И все же для изменения гендерного уклада требовались не только западные фильмы, но и определенные государственные инициативы, которые ликвидировали бы ряд явлений, нарушавших целость приватного пространства личности и тормозивших развитие нормальных отношений полов.

Через год после смерти Сталина, в апреле 1954 года, было принято постановление Совета министров РСФСР о подготовке к введению с 1 сентября совместного обучения девочек и мальчиков. Эти, казалось бы, сугубо «образовательные» меры способствовали изменению взаимоотношений полов. Контакты мальчиков и девочек стали носить достаточно естественную форму: дружеская детская симпатия перетекала в юношескую влюбленность, неизбежно имевшую оттенки эротики.

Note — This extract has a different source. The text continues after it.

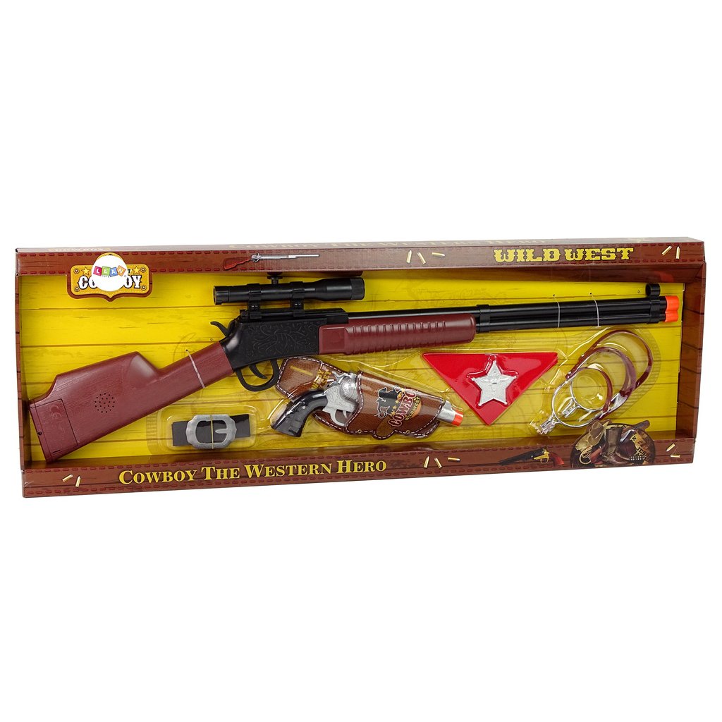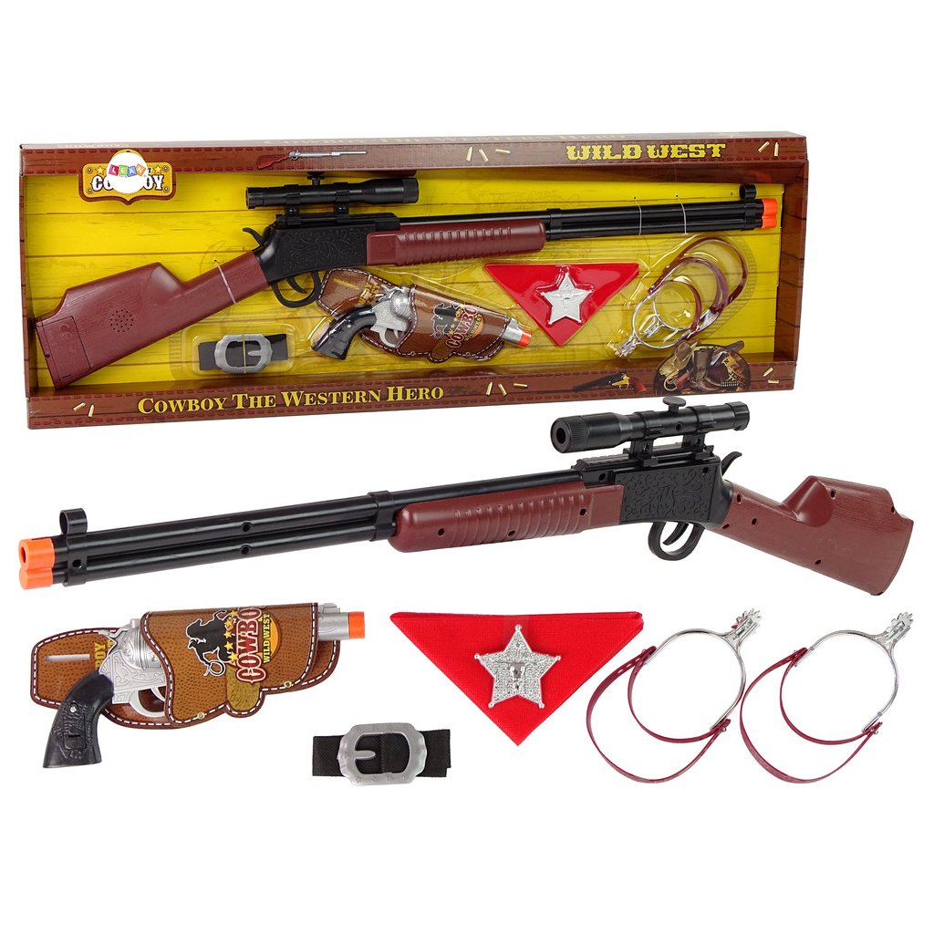 Kovbojský set šerifa s brokovnicí a revolverem Divoký západ u vás doma! Malý kovboj konečně bude mít své vlastní doplňky, které jsou ideální na hraní

В августе 1954 года Указом Президиума Верховного Совета СССР была отменена уголовная ответственность в отношении беременных женщин, делавших аборт без медицинских показаний. А в ноябре 1955 года Указ Президиума Верховного Совета СССР легализовал искусственный выкидыш, производимый в больничных условиях по просьбе самой женщины. Как заявлялось, основополагающими причинами такого решения было стремление власти предоставить «женщине возможности самой решать вопрос о материнстве», а также намерение «уменьшения вреда, наносимого здоровью женщине внебольничными абортами» (Постановления КПСС и Советского правительства об охране здоровья народа 1958: 333). И все же закон об отмене запрета на совершение абортов способствовал расширению сферы приватности.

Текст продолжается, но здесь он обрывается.